The graph in the background is an information plot (Shannon diagram). One thing it shows is that the peak information content of the music is about 1/6 of the 4.6Mbps single channel capacity at 192/24.
That fact speaks to efficiency, not to quality improvement. It illustrates that the channel moves much more 'data' than '(relevant) information'. Resolving that conundrum is a matter of lossless compression, which MQA achieves between encoder and decoder.
The headline to emphasise the result is not about efficiency, it's about the system end-to-end (i.e. analogue-through-digital-through-analogue) temporal blur or time-smear.
The inset upper right shows the impulse response of the entire chain (not just a converter), comparing MQA to a high-performance studio ADC/DAC at 192/24 delivering the output of a microphone feed.
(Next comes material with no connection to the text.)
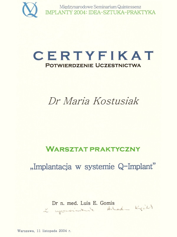 Implantacja w systemie Q-Implant – Warszawa 2004
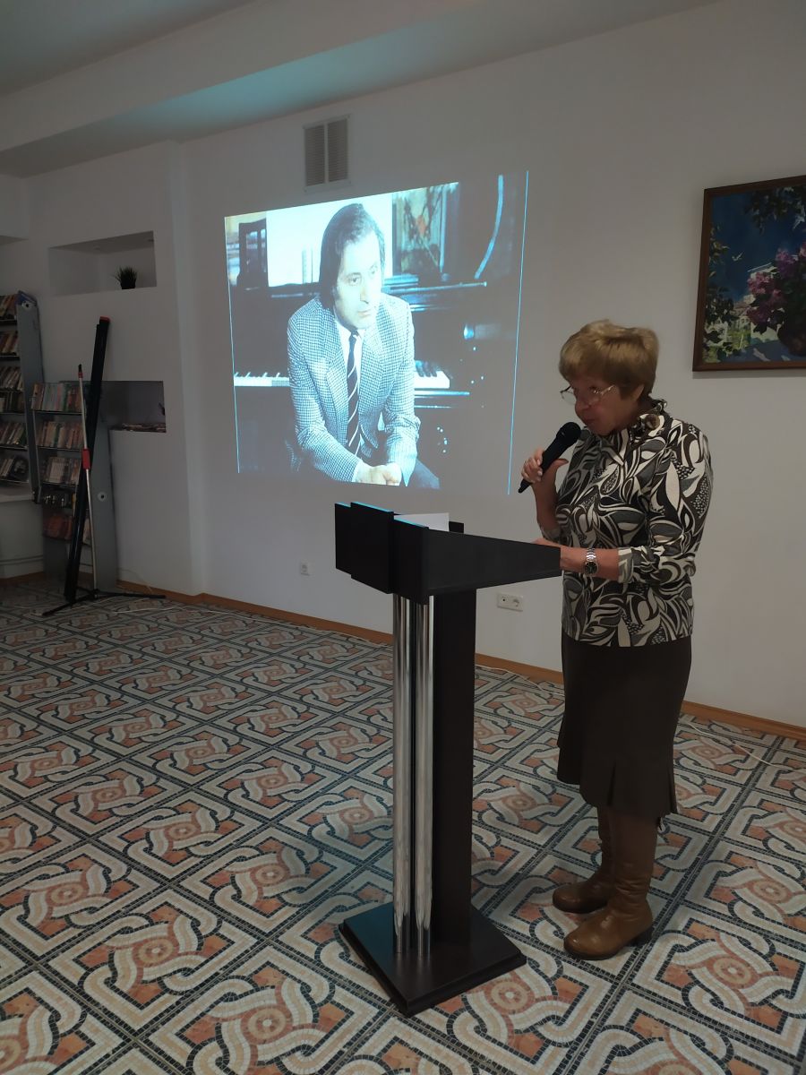 Ведущая мероприятия Татьяна Немцова познакомила читателей с биографией композитора, напомнила, что его имя носит Саратовская филармония, а на родине в городе Энгельсе ему установлен памятник.

We can quantify this in a number of ways:
- Uncertainty of leading edge: MQA = 4us compared to 250us
- Total impulse duration: MQA = 50us compared to 500us
- MQA has no post-ring
- Perceptual smear (relating to the perceived envelope and loudness) MQA at under 10us is at least 10x better.
This is a quality improvement in temporal resolution; the headline of 10x is conservative and we hear the result.
And it can be transmitted at a lower data rate, but that's efficiency gain in part from the end-end nature of the coding and the other innovations.
The problem comes if the graph is taken out of context without the words I was using the the time.